Mosaic in the news | 3 min read

Things looking up: Mosaic Boss

Mosaic Property
28/03/18

The Australian - It takes guts for a residential developer to say things are rosy as headlines warn of an apartment market glut, particularly in Brisbane and Melbourne.

It takes guts for a residential developer to say things are rosy as headlines warn of an apartment market glut, particularly in Brisbane and Melbourne.

But Mosaic Property’s managing director, Brook Monahan, is confident about the outlook for the company founded with close friend David Handley.

“We are entering the best periods that we’ve had in the last four years,” Monahan says. “We have a really healthy pipeline of projects. We’ve got people who want our projects before we release
them.”

The Brisbane-based boutique developer completed the construction of three apartment projects totalling about $40 million in April, with its finished projects valued at more than $110m for the
2016 financial year. The figure more than doubled those delivered in 2014 and 2015.

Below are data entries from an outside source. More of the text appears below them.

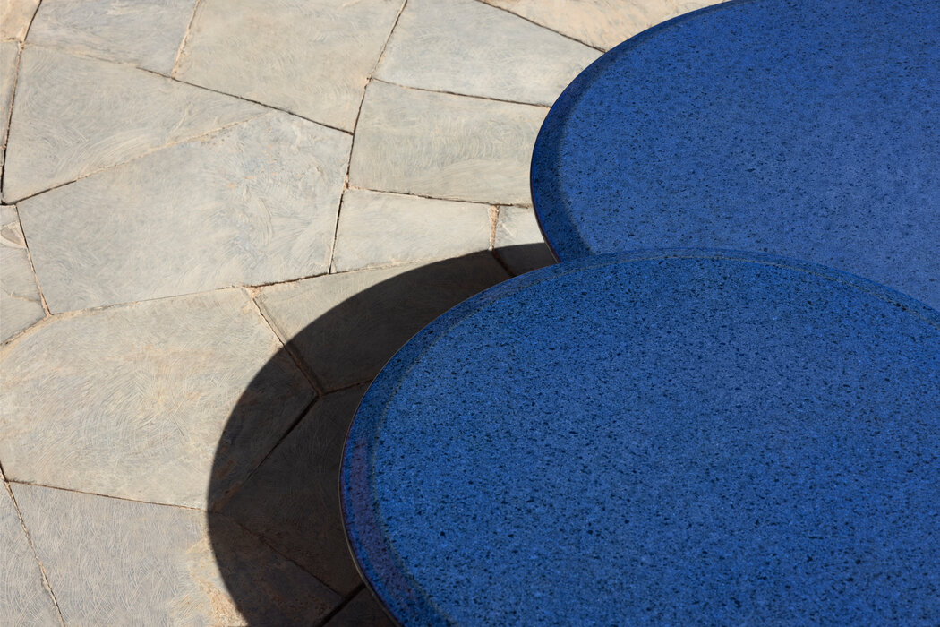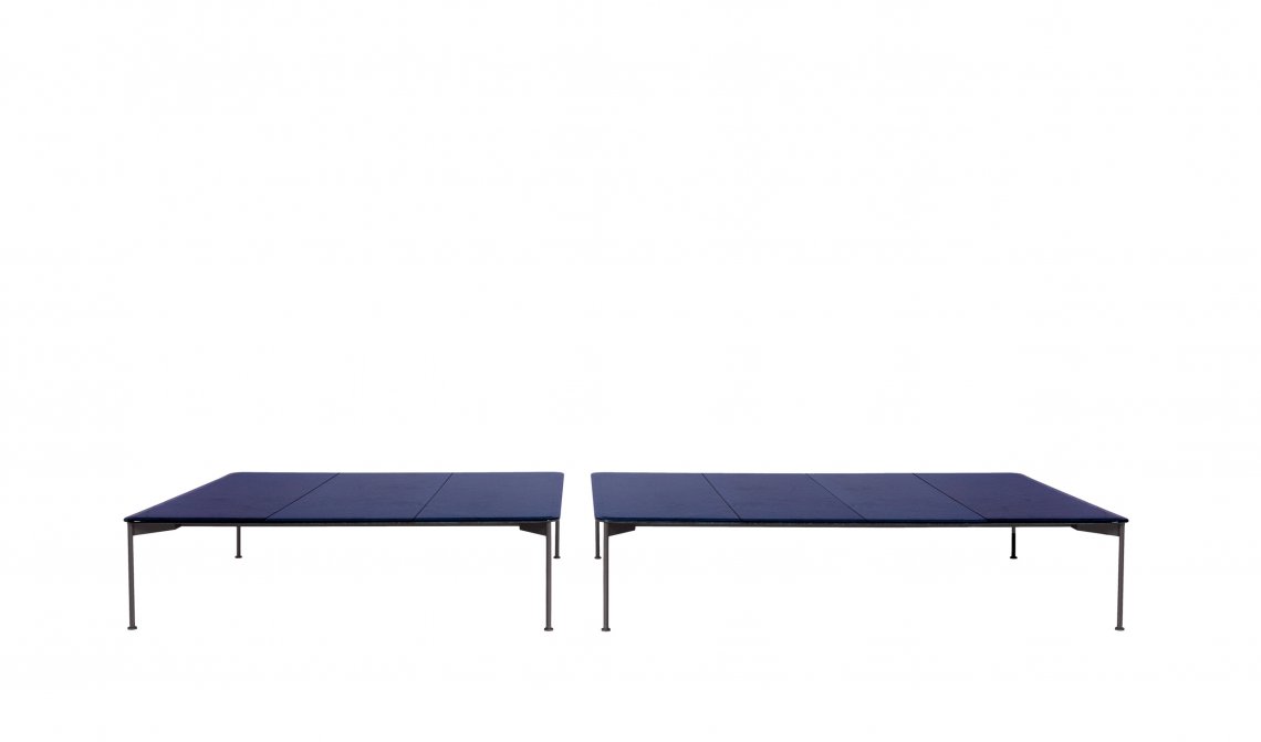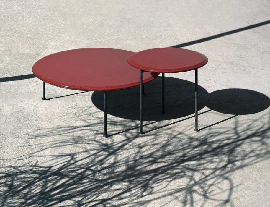 The Borea small tables for outdoor use offer refined support solutions that play with shapes, sizes and materials. They stand out for their thin frame in painted steel rod and tops in enamelled lava stone, both available in different colours.
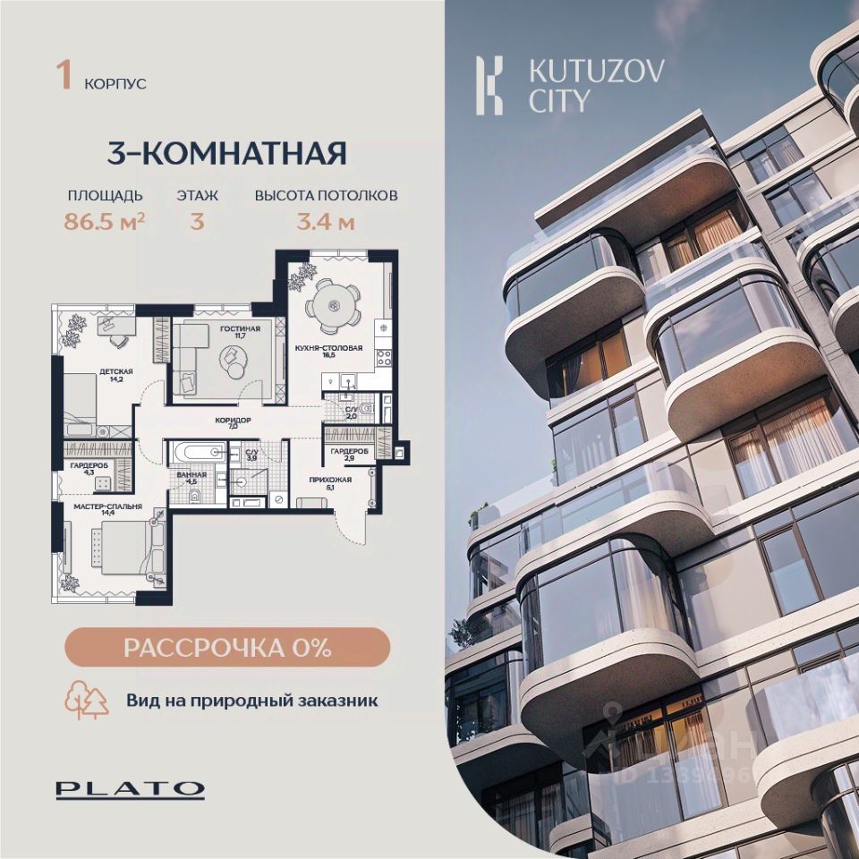 Продается просторная трехкомнатная квартира площадью 86,5 м² в башне "Гармония" клубного дома "Кутузов Сити".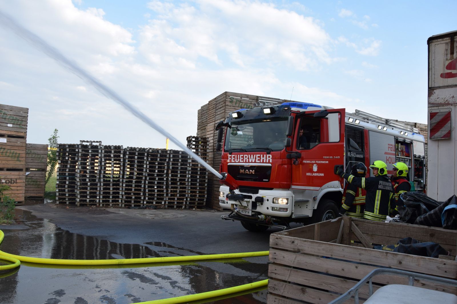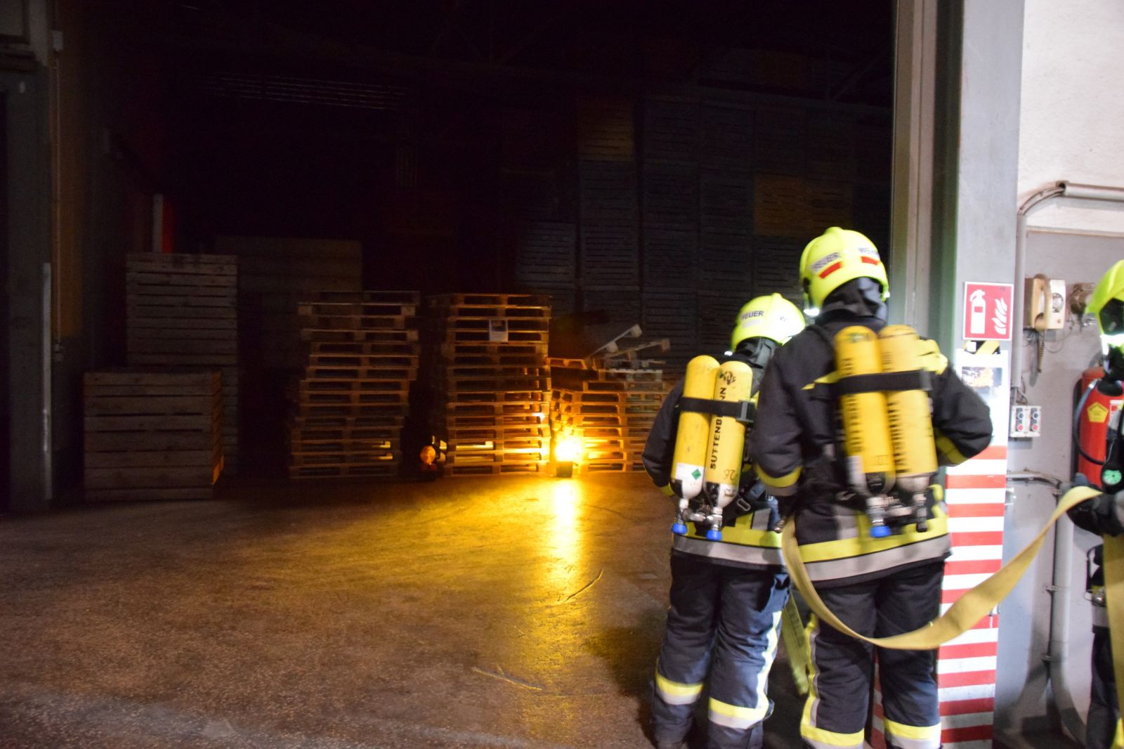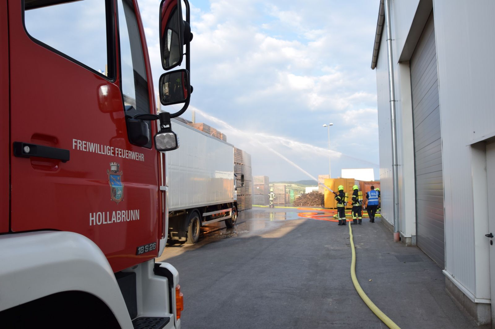 Gleichzeitig wurde ein Atemschutztrupp in das Innere des Gebäudes geschickt, um einen weiteren Zugang zu schaffen und mit einer Löschleitung eine Erkundung zu ermöglichen. Der erste Atemschutztrupp berichtete, dass ein Stapler in Brand geraten ist und die Flammen in weiterer Folge auf die Holzkisten in diesem Bereich übergegriffen haben. Nach dem Eintreffen weiterer Kräfte wurde das HLF3 der FF Hollabrunn in Stellung gebracht, um mit dem Frontwerfer und 2 C – Rohren den Brand zu bekämpfen und eine weitere Ausbreitung zu verhindern.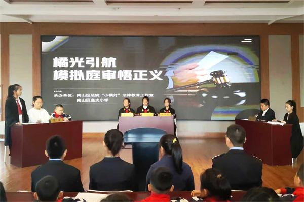 为全面加强辖区未成年人司法保护,推进少年审判工作深入发展,11月10日,南山区人民法院在逸夫小学组织开展了一场别开生面的模拟法庭活动。活动中,学生们分别扮演审判长、审判员、原告、被告、辩护人等角色,严格按照法定程序,完整模拟了从法庭调查、举证质证到法庭辩论、当庭宣判的庭审全流程。同学们神情专注、表达严谨,在沉浸式体验司法审判过程的同时,也深刻体会到法律的庄严与公正。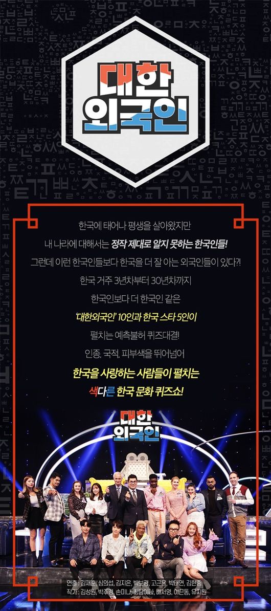 ‘대한외국인’은 한국인보다 한국에 대해 더 잘 아는 외국인들과 한국인 출연진이 한국에 대한 퀴즈를 맞히는 형식으로 승리를 예측하기 힘든 승부를 펼치는 퀴즈쇼. 여기에 10명의 외국인들이 한국생활을 하며 겪었던 일화와 한국과는 다른 자신의 국가 문화에 대한 정보를 전달하며 토크쇼의 재미까지 선사하고 있다. 또한 우리도 알지 못했던 한국에 대한 정보를 알 수 있다는 점에서 더욱 의미 있는 프로그램으로 시청자들의 사랑을 받고 있다. 특히 지난 2회에서 배 속이 허전하여 자꾸 먹고 싶다는 의미의 순우리말 ‘구쁘다’를 40여 년간 한국어를 연구한 독일인 허배 교수가 맞히며 시청자들에게 신선한 충격을 선사, 실시간 검색어 1위까지 올랐다.

The successful delivery has paved the way for a pipeline of at least five new projects to be launched later this year, which will see Mosaic complete more than $150m of development in the next financial year.

The company’s strategy has been to build quality projects in areas with supply constraints, Monahan says. “We don’t build high-rise towers. There are some concerns, some general risk and
headwinds in the next 12 to 18 months.

“We forecast this four years ago. We are not smart. We’d just rather develop boutique products in areas people want to live, in the middle-ring suburbs.”

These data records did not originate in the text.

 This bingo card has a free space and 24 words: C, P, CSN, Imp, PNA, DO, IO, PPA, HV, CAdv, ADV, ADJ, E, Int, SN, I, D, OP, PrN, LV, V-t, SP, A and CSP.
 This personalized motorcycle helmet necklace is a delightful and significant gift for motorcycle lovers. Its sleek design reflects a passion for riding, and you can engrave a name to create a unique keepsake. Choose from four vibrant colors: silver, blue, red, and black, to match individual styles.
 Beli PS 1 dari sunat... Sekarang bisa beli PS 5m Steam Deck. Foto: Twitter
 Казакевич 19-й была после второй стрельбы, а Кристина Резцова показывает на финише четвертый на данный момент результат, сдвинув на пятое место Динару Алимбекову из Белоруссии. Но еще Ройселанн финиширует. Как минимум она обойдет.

Mosaic is now further diversifying into infill town house projects aimed at owner occupiers demanding more space, including a collection of three-bedroom town houses at Everton Park in Brisbane’s north.

The company has been agile in adapting to changing market conditions, with both Monahan and Handley, director of developments, having worked in the bush.

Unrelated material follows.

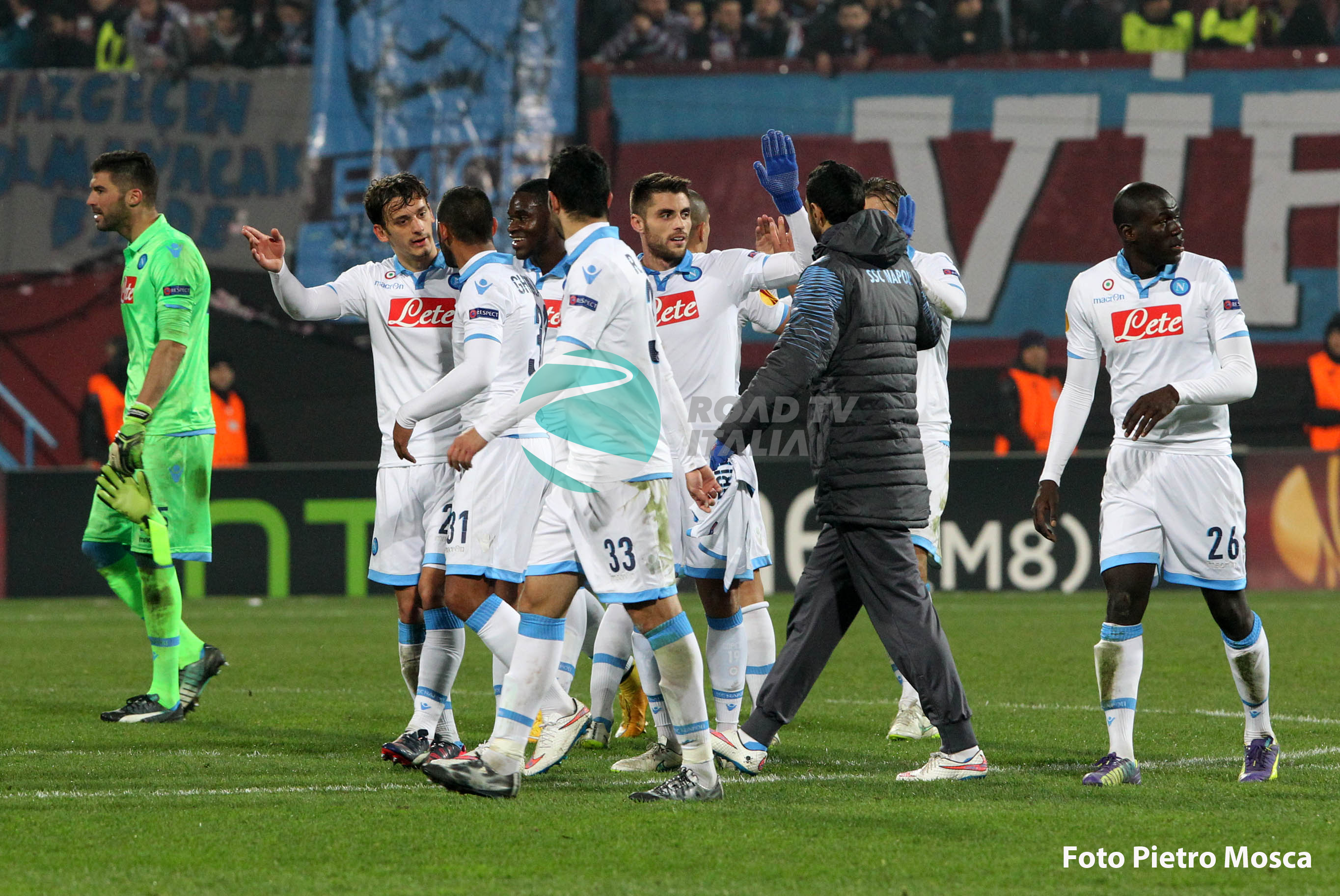 Nella ripresa gli azzurri controllano agevolmente il pallone. I turchi sono quasi mai pericolosi e l’unica emozione di parte Trabzon è al famoso minuto 61, quando i supporters locali inscenano i famosi festeggiamenti in ricordo della caduta dell’Impero di Trebisonda, ultimo avamposto bizantino in Oriente, nel 1461. Poi è un lungo incedere verso il fischio finale di un match senza storia che il Napoli può ammazzare definitivamente all’84° dagli undici metri con Mertens, che calcia però a lato, e che va in cassaforte a tempo scaduto con il gol di Zapata, bravo a sfruttare un rimpallo su un tiro di Callejon.

The two met about 16 years ago as stockmen on a remote cattle station in northern Australia. They both enjoy the hands-on nature of the property business which Monahan started in 2002 and Handley joined two years later.

“We like to create and build stuff that we can physically see. Construction and development has been a good fit, just because it’s quite practical and hands-on,” Monahan says.

“In agriculture you work a very long day and deal with variables you can’t control. You’ve got to be pragmatic, hardworking, resilient. And construction and development are exactly the same skill set.”

While Monahan is always on the front to drive the strategy of the company, Handley is behind the scenes overseeing the projects and delivering the products. The two have “complementary skill sets”, according to Monahan.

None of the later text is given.